Personal information
- Nationality: Spanish
- Born: 29 September 1990 (age 35) Madrid, Spain
- Height: 1.61 m (5 ft 3 in)
- Weight: Mini-flyweight

Boxing career

Boxing record
- Total fights: 20
- Wins: 17
- Win by KO: 5
- Losses: 3

= Joana Pastrana =

Spanish boxer (born 1990)

Joana Pastrana Gallardo (born 29 September 1990) is a Spanish professional boxer who held the IBF female mini-flyweight title from 2018 to 2019. At regional level, she is a two-time European female mini-flyweight champion.

==Career==
===Early career===
Pastrana started boxing in 2013 in amateur competitions in her hometown Lozoyuela, Madrid. Before boxing, Pastrana practiced Muay Thai and kickboxing, but she did not like them, so she switched to boxing.

===Professional career===
Pastrana debuted professionally on 6 February 2016 defeating Bulgarian fighter Ivana Yaneva by technical knockout at the first round in a bout held at the Restaurante Escuela Taurina in Fuente el Saz de Jarama in the Community of Madrid. At the time, Pastrana became the only professional boxer from Madrid.

In October 2016, Pastrana competed for the vacant WBC silver female minimumweight title against Tina Rupprecht, but lost by unanimous decision after ten rounds. This was also the first loss in her professional career.

In May 2017, Pastrana won the EBU European female minimumweight title, after defeating French Sandy Coget by unanimous decision, in a bout held at the Palacio Vistalegre in Madrid. A few months later, in September, Pastrana made the first defense of her European title against Judit Hachbold, defeating the Hungarian fighter by knockout in the third round.
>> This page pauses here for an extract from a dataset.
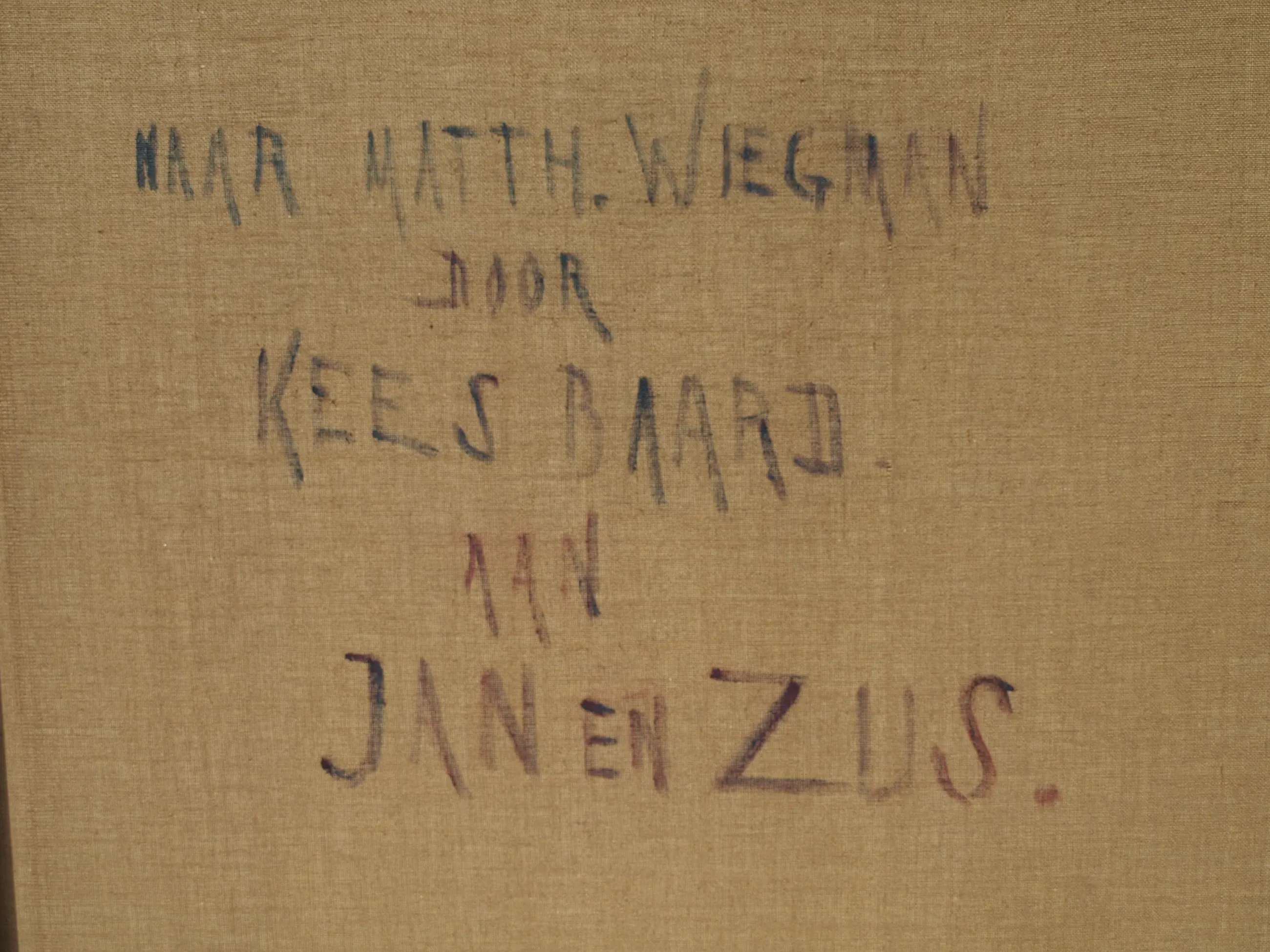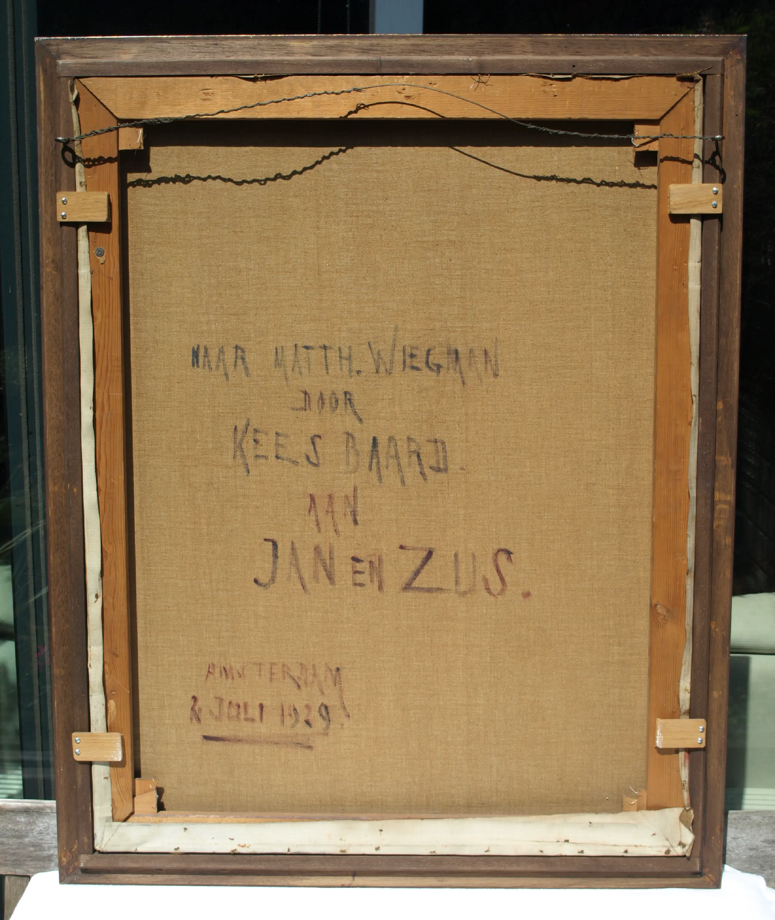 Een groot schilderij uit 1929 van de Nederlandse kunstenaar en kunstverzamelaar Kees Baard (1897-1972), met een voorstelling naar de Bergense School kunstenaar Matthieu Wiegman (1886-1971). -Olieverf op doek, opgespannen op een houten spieraam en ingelijst in de originele houten lijst. -Gesigneerd, gedateerd en met annotatie op de achterkant van het doek. -Afmetingen: Lijst, 101 x 81 cm. Spieraam, 91,5 x 71,5 cm. Beeld, 89,5 x 69,5 cm. -Herkomst: uit de kunstcollectie van Brentano, een organisatie die zijn bestaan te danken heeft aan Josephus Augustinus Brentano (Amsterdam, 28 augustus 1753 - Amsterdam, 16 april 1821), een Nederlandse katholieke koopman van Italiaanse afkomst, kunstverzamelaar, mecenas en filantroop. -Conditie: Het werk is in zeer goede staat. De lijst heeft lichte slijtplekjes. Zie ook de foto’s voor een eigen indruk. Kan zo aan de muur.
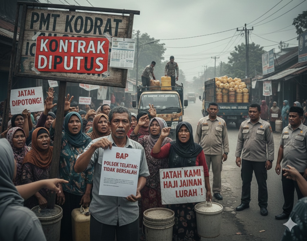 TERNATE, Jhazirah- Pemutusan kontrak sepihak terhadap Pangkalan Minyak Tanah (PMT) milik Kodrat Haji Ishak oleh PT Siantan Jaya Lestari memicu tanda tanya besar. Pasalnya, hasil pemeriksaan kepolisian secara tegas menyatakan PMT Kodrat tidak terbukti melakukan pelanggaran, namun sanksi berat tetap dijatuhkan. Ironisnya, pangkalan lain yang terindikasi melanggar justru tetap beroperasi tanpa sanksi.

On 22 June 2018, Pastrana won the IBF world female minimumweight title, her first world title, against German Asiye Özlem Sahin. Pastrana became the second Spanish female boxer to win a world title after María Jesús Rosa Reina, who won an IBF world championship in 2004.

Pastrana made two successful defenses of her world title. One against Siriporn Thaweesuk won by technical knockout and another one against Ana Arrazola won by unanimous decision.

On 4 August 2019, Pastrana fought Yokasta Valle from Costa Rica for the mini flyweight world title, in a bout held at Marbella. Pastrana lost the fight by split decision after ten rounds.

===Outside Boxing===
In 2023 Joana Pastrana played the Spanish version of The Traitors. She was a faithful and won with Leo Margets.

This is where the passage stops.